Dental caries is the most common chronic disease in children (Benjamin, 2010). Studies suggest there is a positive correlation between bacterial titers of Streptococcus mutans and dental caries (Pannu et. al., 2013). National surveys suggest children 2 to 5 years old have 27.90% of primary teeth with caries. This number near doubles to 51.17% for children 6 to 11 years old (United States, National Health and Nutrition Examination Survey, 1999-2004). The American Academy of Pediatric Dentistry discusses this prevalence, in particular the finding of caries in young children, calling it early childhood caries (ECC), defined as "the presence of 1 or more decayed (noncavitated or cavitated lesions), missing (due to caries), or filled tooth surfaces in any primary tooth in a child 71 months of age or younger" or severe early childhood caries (S-ECC), defined as any sign of smooth surface caries in children younger than three years of age (AAPD, 2008). Oral health disparities also vary by race, ethnicity and socioeconomic status. Among children ages 3-5 years old, the prevalence of dental caries was significantly higher for non-Hispanic black individuals, 19%, compared to non-Hispanic white individuals, 11%. Furthermore, the prevalence of dental caries was nearly twice as high for Hispanic individuals, 26%, compared to non-Hispanic white individuals (Dye et. al., 2012).

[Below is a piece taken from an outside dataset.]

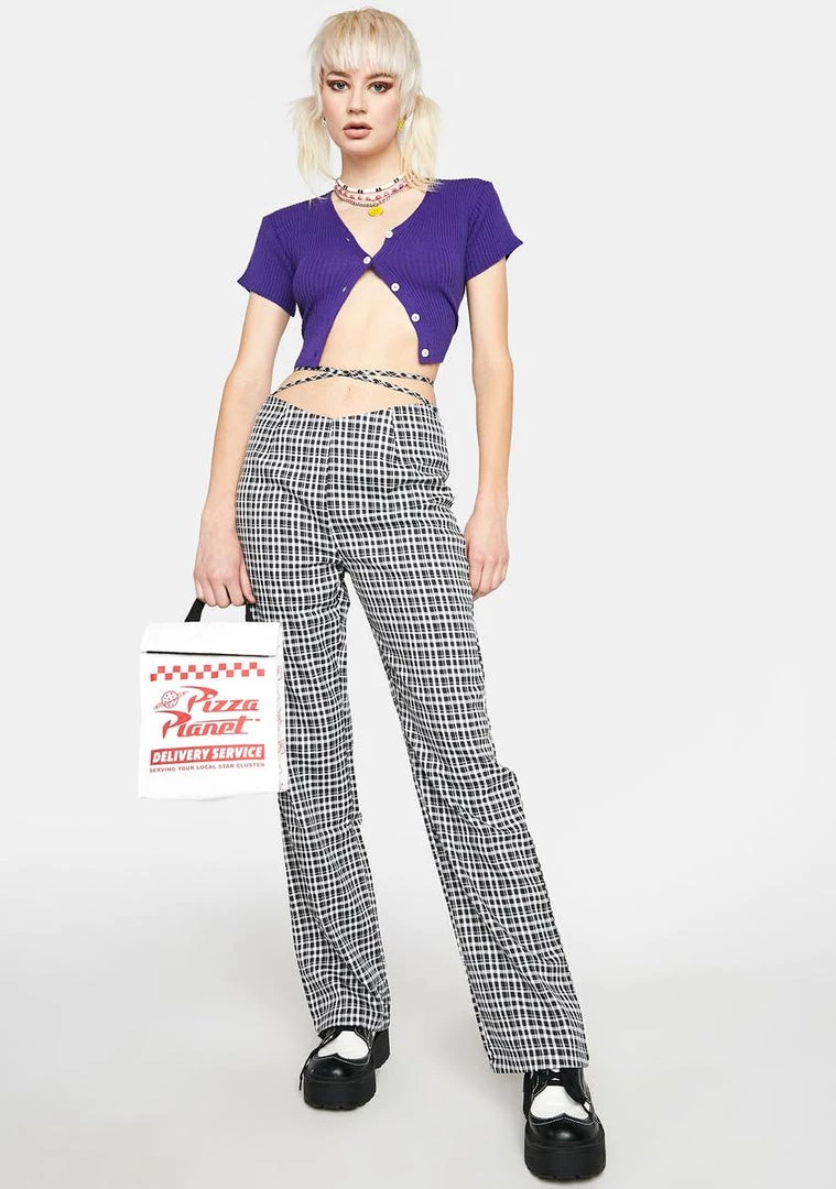 have adjustable tie closures, a high rise fit, and a gingham print all over.
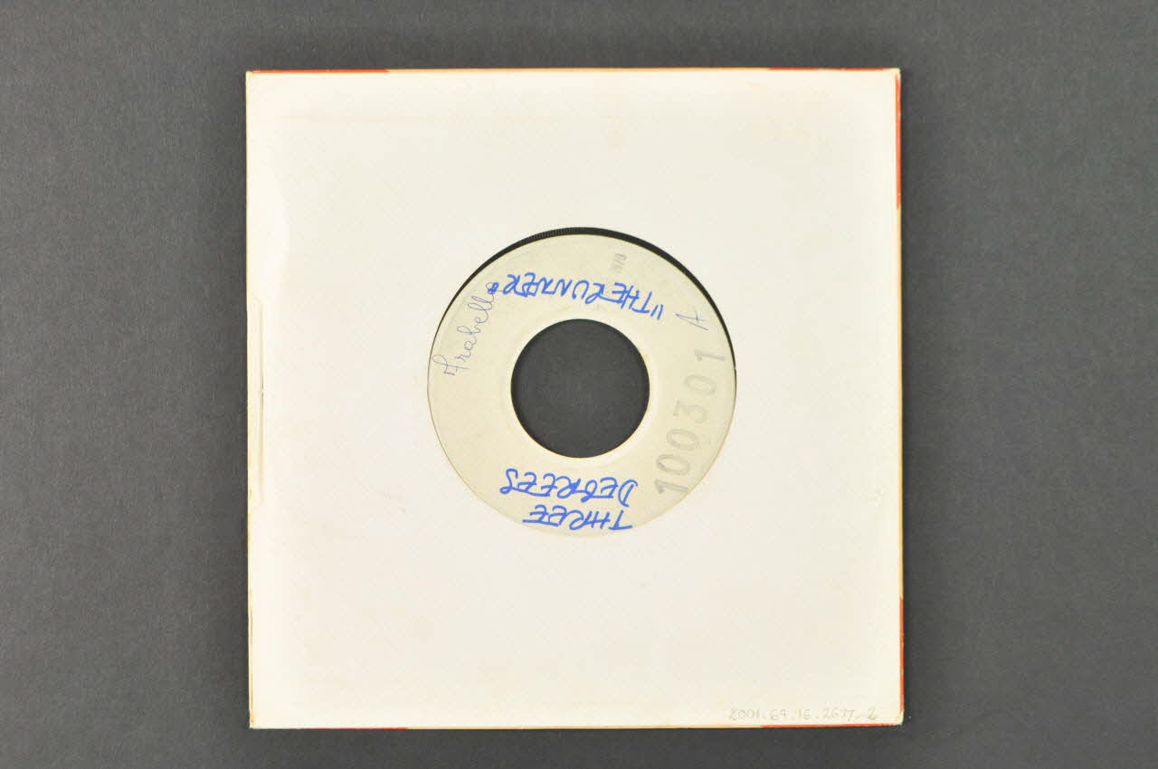 Le disque .1 en vinyle noir présente une forme circulaire avec évidement central. Des étiquettes de papier blanc portant des inscriptions manuscrites concernant les titres et l'artiste sont collées sur les deux faces, autour de l'évidement.

The use of fluoride in dentistry has played a significant role in reducing the prevalence and severity of dental caries. Water fluoridation is considered to be one of the ten greatest achievements in public health of the twentieth century (CDC, 1999). Sodium Fluoride (SF) varnishes have become a mainstay in many pediatric dental practices. Despite their intended use as desensitizing agents, fluoride varnishes are used routinely to inhibit the demineralization of enamel, promote remineralization of enamel, and arrest early enamel carious lesions (Chu et. al, 2008, CDC 2001). Fluoride also interferes with cariogenic bacteria's ability to metabolize carbohydrates, reducing their acid production, and ability to adhere to tooth surfaces, possibly reducing their ability to initiate decay (CDC, 2001). The ability of fluoride, namely SF varnishes to effect bacterial counts of S. mutans has been described in a limited extent in the literature. Chandak describes fluoride varnish's ability to reduce S. mutans counts in dental plaque, suggesting another way fluoride aids in the reduction on dental caries (Chandak et. al., 2016). However, other studies do not support SF varnishes abilities to significantly reduce plaque S. mutans counts (Sajjan, et. al., 2013). Other studies attempt to examine the effects of fluoride varnishes' ability to effect S. mutans adherence and biofilm formation. In their study Chau et. al, described a reduction in

1. mutans adhesion and subsequent biofilm accumulation in the presence of a number of commercially available SF varnishes (Chau et. al, 2014).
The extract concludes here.